→ WORK ITEM
In the listing below, find the line containing "Annehem Annettes blogg" and the line containing "Denkmals-Anlage für die", then copy exactly everything from the first through the second, except the pictures.

→ INPUT DATA
*** Begin section ***
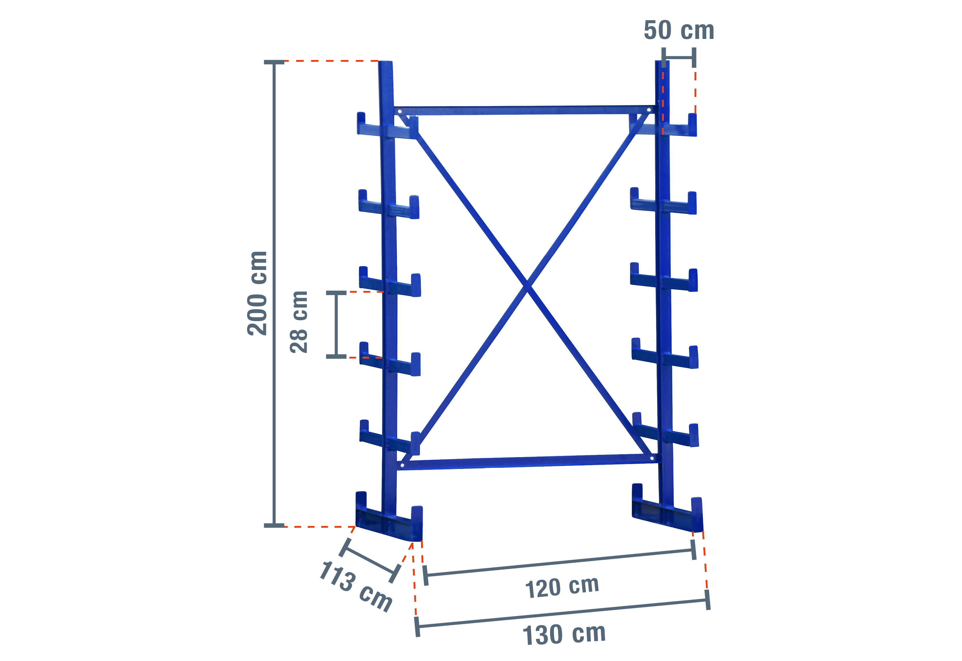 Die einzelnen Ständer werden mithilfe von 2 Quer- und Diagonalstreben (Achsmaß 1.200 mm) miteinander verschraubt. Jeder Kragarm hat eine Auflagebreite von 30 mm und ist mit einer 50 mm hohen Abrollsicherung versehen. Das 50 cm lange Fußteil hat eine Auflagetiefe von 50 cm, eine Auflagebreite von 50 mm und eine 70 mm hohe Abrollsicherung. Somit können die Fußteile auch als Lagerebene genutzt werden.
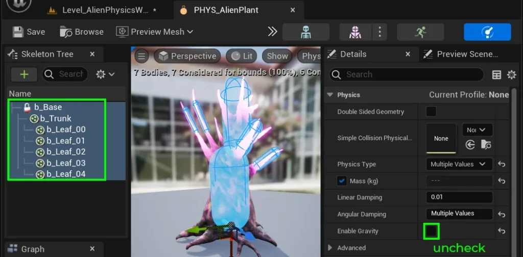 Doing this will ensure that the plant doesn’t immediately fall over under the weight of it’s own gravity when it is converted from a Foliage Instance to a Foliage Blueprint.
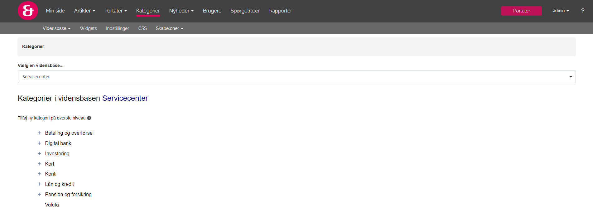 - Har du adgang til flere vidensbaser, skal du først vælge den relevante vidensbase under fanen 'Vælg en vidensbase'
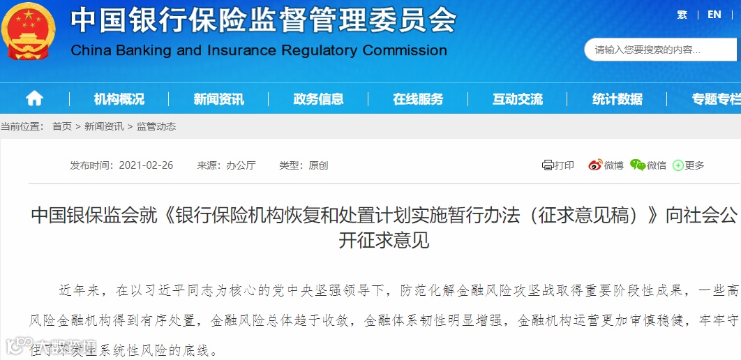 2月26日,银保监会发布《银行保险机构恢复和处置计划实施暂行办法(征求意见稿)》(以下简称《办法》),并向社会公开征求意见。《办法》立足于指导银行保险机构未雨绸缪、防患于未然,从制度上预先筹划重大风险情况下的应对措施。
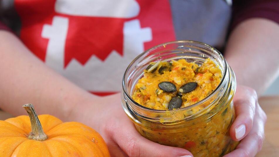 - Ist der Kürbis durch, nehmen wir ihn aus dem Ofen und lassen ihn etwas abkühlen. Dann wird er gemeinsam mit den anderen Zutaten, also mit den Kürbiskernen, dem Öl, den gepressten Knoblauch und den Gewürzen mithilfe einer Küchenmaschine zerkleinert. Wie fein ihr dabei die Pesto-Masse haben möchtet, ist euch überlassen.
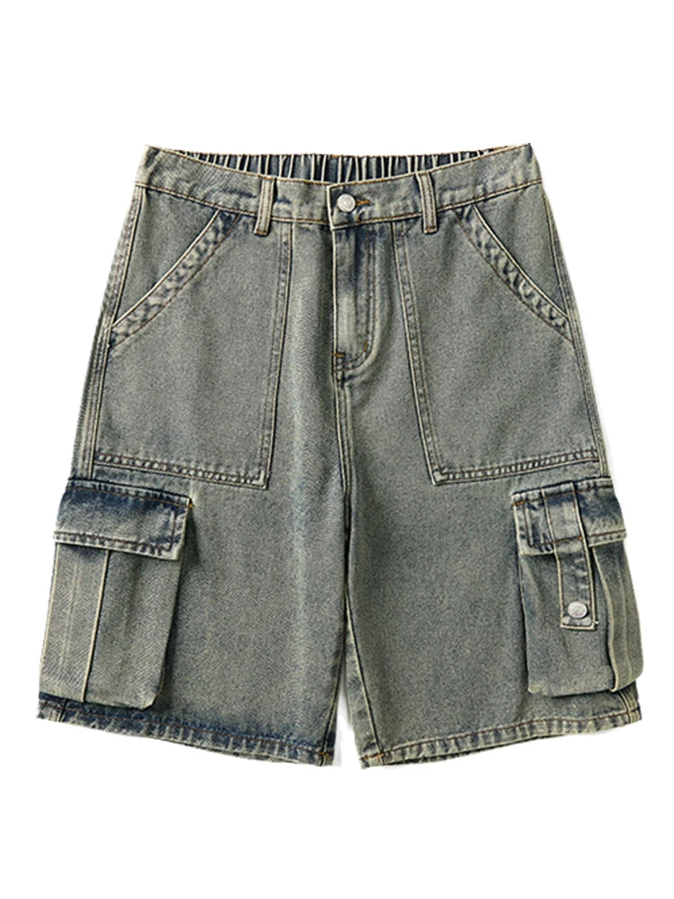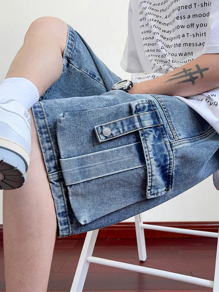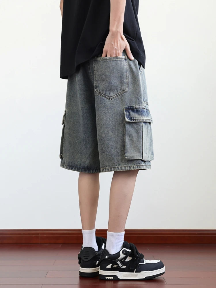 Summer Denim Cargo Shorts Men Flap Pockets Wide Leg Baggy Jeans Shorts Big Size 8XL 7XL 6XL Loose Fit Straight Jean Short Male
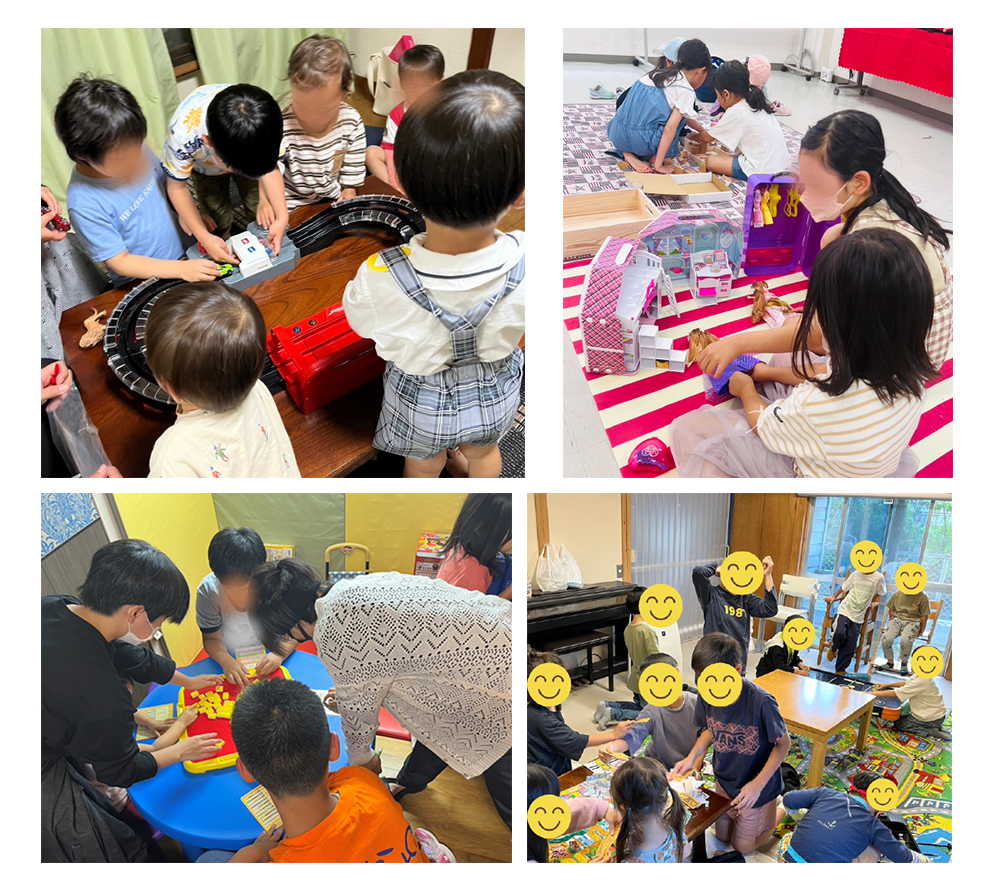 - おもちゃを使って、初めて会った子どもたち同士が一緒にごっこ遊びを楽しむ姿は、見ていても非常に微笑ましく、活動の一環として大変価値のあるものでした。
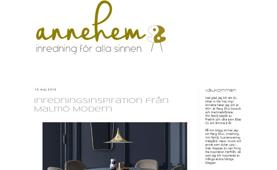 Annehem Annettes blogg handlar om inredning, husrenovering och trädgård men också familjen och andra intressen i livet som musik, resor och matlagning, det goda i livet helt enkelt. Annette arbetar som marknadsförare och fengshuikonsult och beskriver sina inredningsidéer med fina exempel nästan alltid med en fengshiutanke bakom. Letas det sammetsgardiner kan man räkna med blogginlägg om det. Har Annette varit på en inspirerande plats kan vara ett växthus eller resa med vänner så får vi ta del av bilder därifrån och någon gång ibland smyger sig ett recept på något gott in i bloggen som t ex färska vårrullar med sting eller kålpudding. Allt kommer i ett härligt flöde det görs inga försök att kategoriera.
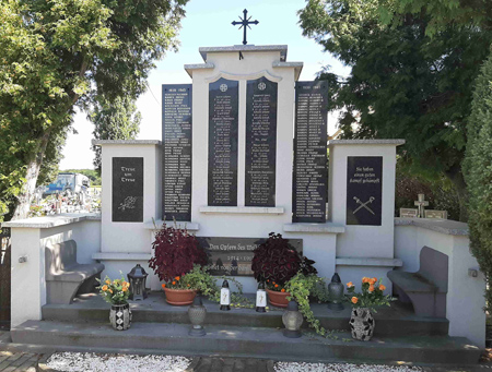 Denkmals-Anlage für die Gefallenen des 1. und 2. Weltkriegs vor dem örtlichen Friedhof.
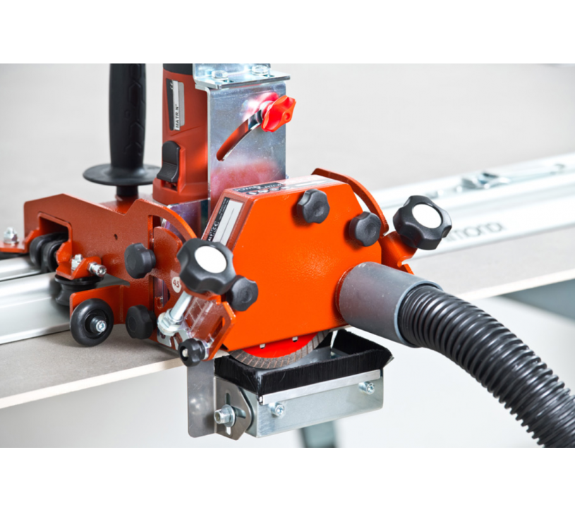 Le système de dépoussiérage se fixe au fond du système de coupe Raimondi POWER RAIZOR Cutting System. Il réduit considérablement la poussière lors de la coupe à sec en étant utilisé avec un aspirateur approprié.
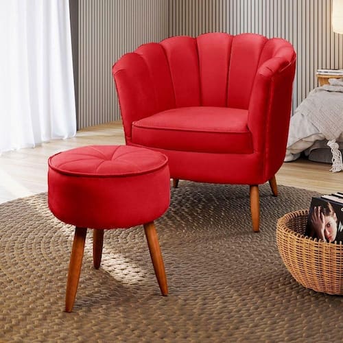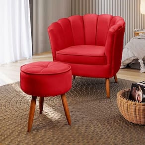 Poltrona Decorativa Ariel Com Pés De Madeira Speciale Home Vermelho Poltrona Decorativa Ariel com Pés de Madeira Speciale Home
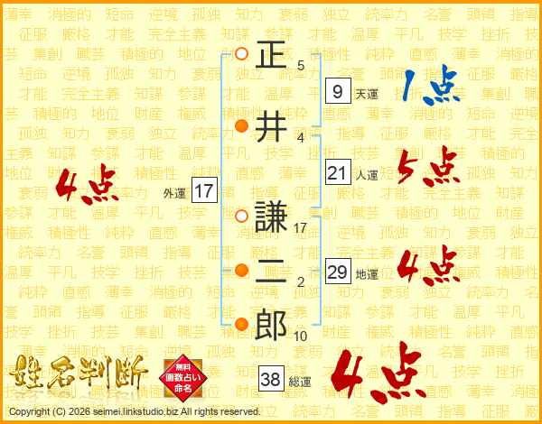 正井謙二郎さんの総運は38画の4点!
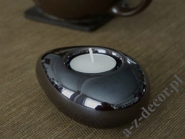 - Ceramic T-light candlestick in the shape of a river stone in the color of iridescent brown with silvery glaze. Delicate and extremely smooth.
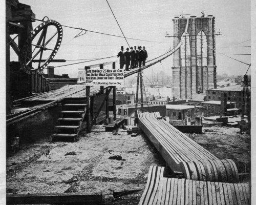 In 1855, John Roebling, the owner of a wire-rope company and a famous bridge designer proposed a suspension bridge over the East River after becoming impatient with the Atlantic Avenue-Fulton Street Ferry. Roebling worked out every detail of
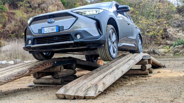 Досега електрическото задвижване не изглеждаше много съвместимо с офроуда. Да оставим факта, че с нормален всъдеход можете просто да сложите две туби с бензин в багажника и да си осигурите хиляда километра автономия. По-големият проблем е другаде - в батериите. Обикновено те са в пода на автомобила, тежат много и са уязвими за удари - последното нещо, което бихте искали, ако атакувате някой скалист склон. Тъкмо затова видът на офроуд полигона, който от Subaru ни бяха подготвили за теста на Solterra, искрено ни изуми.
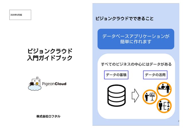 サービスURL:https://pigeon-fw.com/cloud ピジョンクラウドは、業務で扱うデータベースをプログラミングの知識不要で作成・管理できるクラウドサービスです。ブラウザさえあれば無料登録を行いすぐにサービスを利用することができます。様々な業務に応じたデータベースの作成、既存データのインポート、複数人でのデータの共有、データの集計や計算といった機能を提供します。
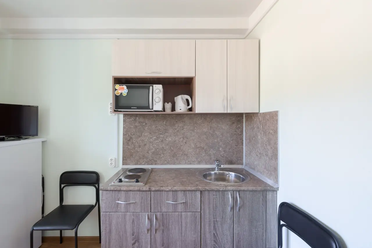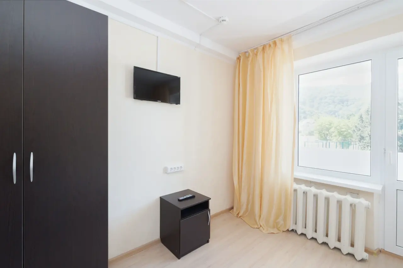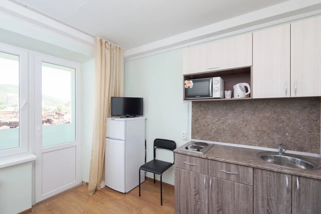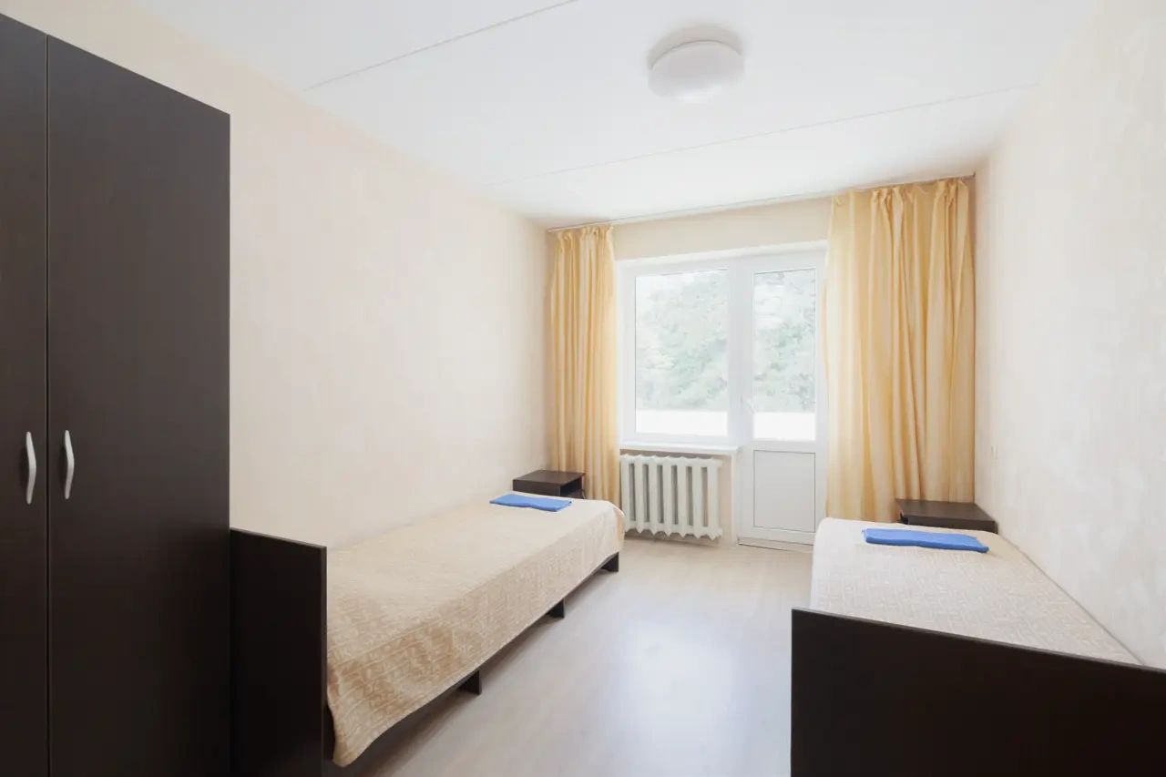 2-х комнатные апартаменты с кухней, укомплектована односпальными кроватями, кондиционером, телевидением, балконам, санузлом с душем
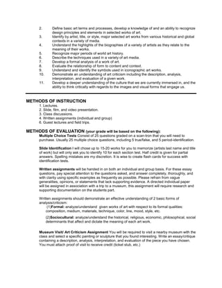 This document provides an overview of an Art Appreciation course at Palm Beach State College, including information about the professor, required text, course description, student learning outcomes, methods of instruction and evaluation, grading procedures, class policies, and expectations. The course is a global survey of art history from early civilizations to contemporary art, examining the social contexts and roles of art. Students will develop skills in formal analysis, critical thinking, and written assignments to demonstrate their understanding of art in different cultures and time periods.
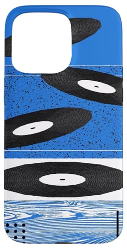 Disques vinyles flottants rétro Bleu Minimaliste Art Coque pour iPhone 15 Pro Max
*** End section ***
→ SOLUTION TO THIS EXERCISE
 Annehem Annettes blogg handlar om inredning, husrenovering och trädgård men också familjen och andra intressen i livet som musik, resor och matlagning, det goda i livet helt enkelt. Annette arbetar som marknadsförare och fengshuikonsult och beskriver sina inredningsidéer med fina exempel nästan alltid med en fengshiutanke bakom. Letas det sammetsgardiner kan man räkna med blogginlägg om det. Har Annette varit på en inspirerande plats kan vara ett växthus eller resa med vänner så får vi ta del av bilder därifrån och någon gång ibland smyger sig ett recept på något gott in i bloggen som t ex färska vårrullar med sting eller kålpudding. Allt kommer i ett härligt flöde det görs inga försök att kategoriera.
 Denkmals-Anlage für die Gefallenen des 1. und 2. Weltkriegs vor dem örtlichen Friedhof.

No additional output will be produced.